This reflection is part of a collection of responses to the theme: “What is Theology?”
By Haley Hansen
In my time as a journalist, I often found that the most probing and uncomfortable questions were the ones I most needed to ask. I spent years of my life learning how to craft questions. I shrugged off my Midwestern aversion to confrontation in journalism school. I became critical of everything. I grew accustomed to asking dumb questions. I rebranded my nosiness into a form of curiosity.
In church, nobody taught me to ask questions, and for a long time I didn’t feel the need to. Faith was an absolute. I took comfort in dogma. Eventually, Sunday school answers and platitudes were no longer enough for me. My faith fractured precisely because I never interrogated it.

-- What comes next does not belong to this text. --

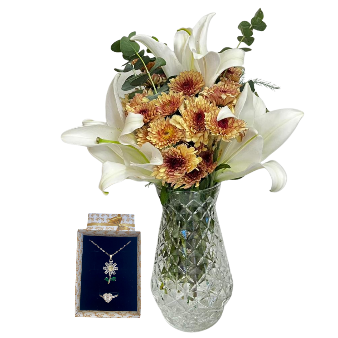Krem rengi kasımpatılar ve beyaz lilyumlar, okaliptus ve virgatüs dallarıyla doğal bir uyum içinde sunuluyor. Kristal silindir cam vazoda özenle hazırlanmış bu aranjman, sade ve zarif bir görünüm sağlıyor. Yanına eklenen papatya kolye ve Pandora yüzük seti, hediyenize neşeli ve zarif bir dokunuş katarak özel anları daha anlamlı ve unutulmaz kılıyor.

I study theology because I feel called to ministry. I want to help people ask big questions and maybe find a few answers. I study theology because I have a laundry list of questions of my own. Theology for me is a form of questioning. Theology is being willing to kick the tires even though the bumper might fall off. It’s about having the humility to admit when I’m wrong or when I can’t find a perfect answer. It’s diving into the unfathomed deep end of the pool, knowing that it’s a heck of a lot better to get in than to have never left the diving board. Questions allow for creativity and innovation. Questions allow me to reimagine what church is and who it includes. Questions allow me to move through doubt into a deeper faith.
I take comfort in the fact that scripture itself is brimming with questions. Abraham asks God, “Will not the Judge of all the earth do what is right?” Job asks, “When a man dies, will he live again?” In three of the Gospel accounts, Jesus asks Peter “who do you say that I am?” In the Gospel of Matthew, Jesus hangs on the cross and cries to God, “Why have you forsaken me?”

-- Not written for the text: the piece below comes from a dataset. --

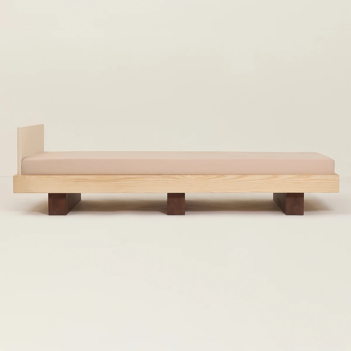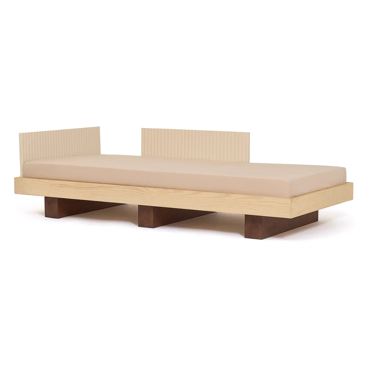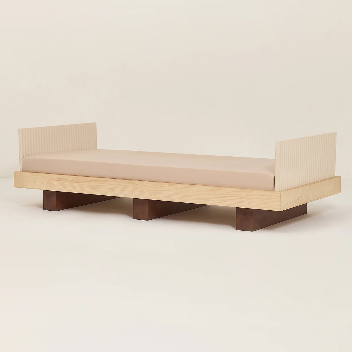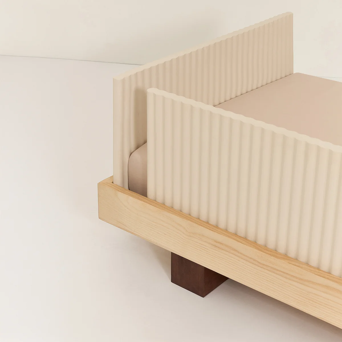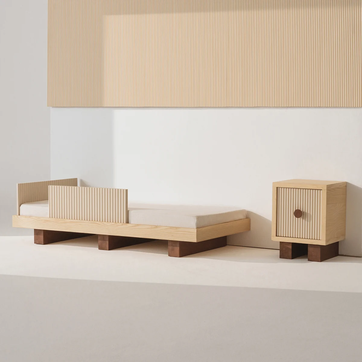De opvallende bedpoten, geïnspireerd op traditionele Japanse geta sandalen, geven het ontwerp een elegante eenvoud met een culturele verwijzing. Zijpanelen met fijne groeven creëren een spannend spel van licht en schaduw en nodigen kinderen uit om de structuur met hun vingers te verkennen - een harmonieuze combinatie van esthetiek en gevoel.

These questions aren’t always hopeful, and they often go unanswered. I’ve learned to embrace that discomfort. I doubt I’ll ever understand the book of Job or know where we all go when we die. But I’m willing to ask. I’m willing to have questions without answers. As I begin my time as a theologian, I often find that the most probing and uncomfortable questions are the ones I most need to ask.
Haley Hansen is a first-year Master of Divinity student. A South Dakota native, Haley graduated with a journalism degree from the University of Minnesota in 2017. She is a certified candidate for ministry in the United Methodist Church.